**DIRECTIONS**
Reproduce nothing but the lines from the start of the material through the line that includes "Rozměry jednoho stonku: 3,9", both ends included, and omit every picture.
· · ·
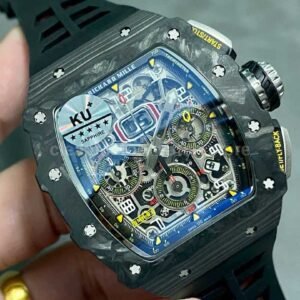 KU Factory Richard Mille RM11-03 44.5mm Carbon Fiber Black Rubber Strap Skeletonized Dial
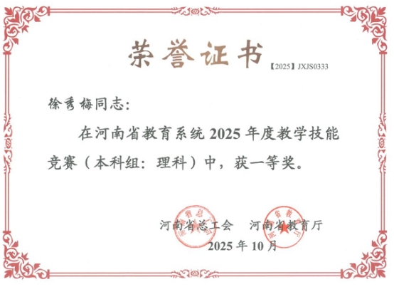 8月29--31日,由河南省总工会、河南省教育厅联合举办的河南省教育系统2025年度教学技能竞赛现场决赛在洛阳理工学院举行。经过校内选拔、省初赛(教学视频评审)层层选拔,我院徐秀梅老师脱颖而出,挺进高校理科全省前20强,顺利入围全省教学技能竞赛现场决赛,荣获全省高校理科一等奖。
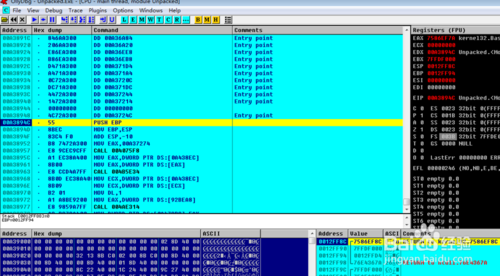 數(shù)據(jù)格式:OllyDbg 的數(shù)據(jù)窗口能夠顯示的所有數(shù)據(jù)格式:HEX、ASCⅡ、UNICODE、 16/32位有/無(wú)符號(hào)/HEX整數(shù)、32/64/80位浮點(diǎn)數(shù)、地址、反匯編(MASM、IDEAL或是HLA)、PE文件頭或線程數(shù)據(jù)塊。
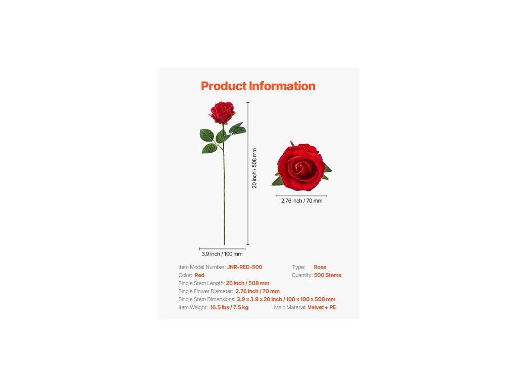 Rozměry jednoho stonku: 3,9 x 3,9 x 20,1 palce / 100 x 100 x 510 mm,Typ: Růže,Průměr jednoho květu: 2,76 palce / 70 mm,Barva: Červená,Číslo modelu položky: JNR-RED-500,Množství: 500 stonků,Délka jednoho stonku: 20 palců / 508 mm,Hmotnost položky: 16,5 lbs / 7,5 kg,Hlavní materiál: Samet + PE
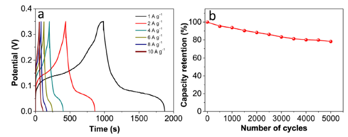 Fig. 9(a) shows GCD curves of the RGO/PPy/NiCo-LDH electrode at different current densities. The specific capacitances of the electrode are 2534, 2411, 2278, 2084, 1928 and 1837 F g-1 at current densities of 1, 2, 4, 6, 8 and 10 A g-1, respectively. When the current density increased to 10 A g-1, the electrode can retain 72.5 % of the initial specific capacitance. The high surface area, short ion diffusion path, and high electrical conductivity of the electrodes are mainly responsible for this superior electrochemical performance.
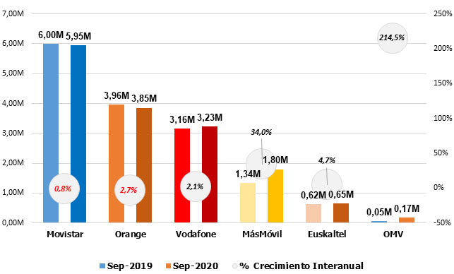 Continúan solo dos operadores en tendencia positiva: obviamente, MásMóvil, que ya supera el +30% interanual; le acompaña Movistar, con un +0,8%, pero mejora incluso con respecto a agosto. El resto de operadores, en negativo:
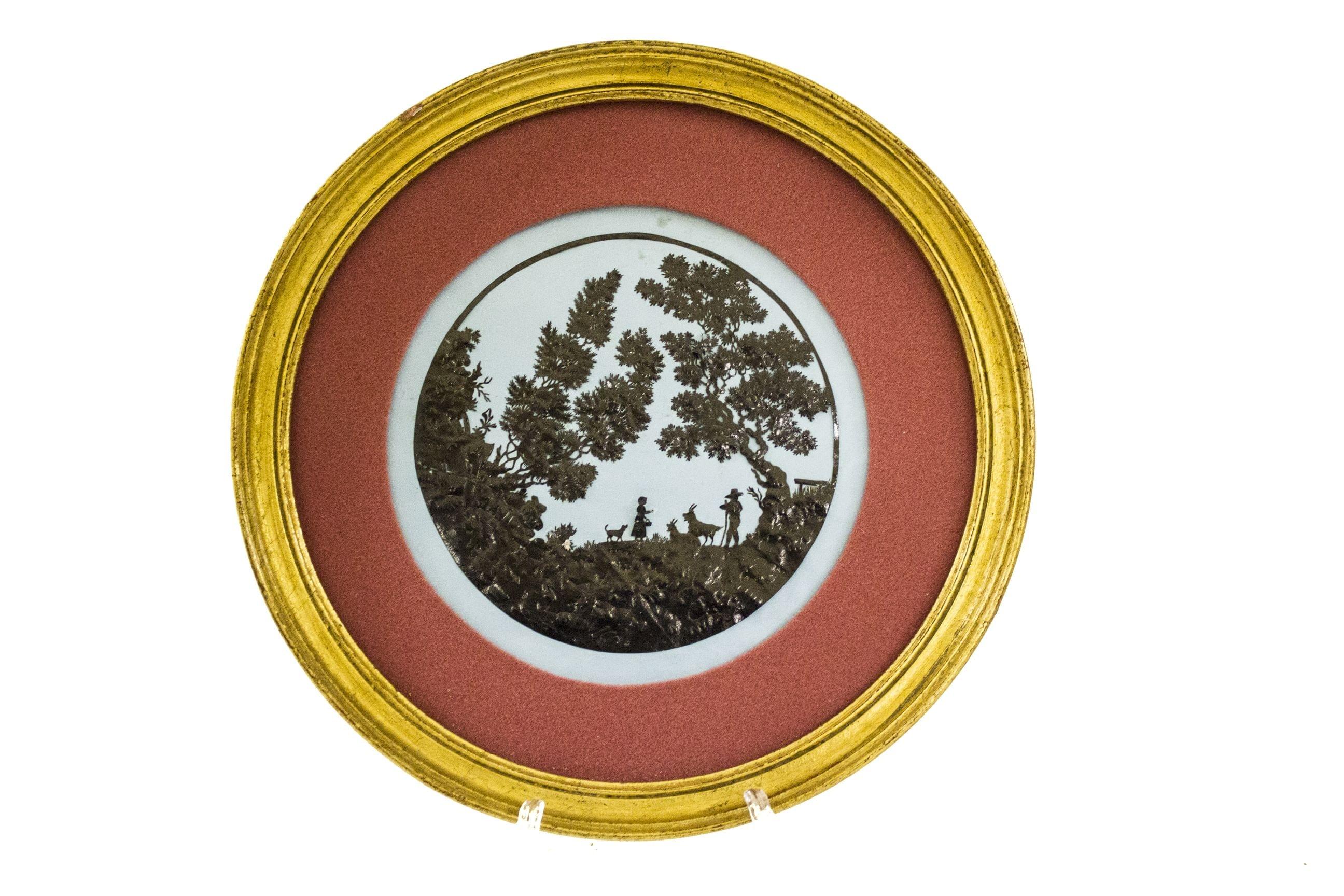 Silhouettes scène pastorales, découpage, D 11,5 cm
· · ·
**WRITTEN RESPONSE**
 KU Factory Richard Mille RM11-03 44.5mm Carbon Fiber Black Rubber Strap Skeletonized Dial
 8月29--31日,由河南省总工会、河南省教育厅联合举办的河南省教育系统2025年度教学技能竞赛现场决赛在洛阳理工学院举行。经过校内选拔、省初赛(教学视频评审)层层选拔,我院徐秀梅老师脱颖而出,挺进高校理科全省前20强,顺利入围全省教学技能竞赛现场决赛,荣获全省高校理科一等奖。
 數(shù)據(jù)格式:OllyDbg 的數(shù)據(jù)窗口能夠顯示的所有數(shù)據(jù)格式:HEX、ASCⅡ、UNICODE、 16/32位有/無(wú)符號(hào)/HEX整數(shù)、32/64/80位浮點(diǎn)數(shù)、地址、反匯編(MASM、IDEAL或是HLA)、PE文件頭或線程數(shù)據(jù)塊。
 Rozměry jednoho stonku: 3,9 x 3,9 x 20,1 palce / 100 x 100 x 510 mm,Typ: Růže,Průměr jednoho květu: 2,76 palce / 70 mm,Barva: Červená,Číslo modelu položky: JNR-RED-500,Množství: 500 stonků,Délka jednoho stonku: 20 palců / 508 mm,Hmotnost položky: 16,5 lbs / 7,5 kg,Hlavní materiál: Samet + PE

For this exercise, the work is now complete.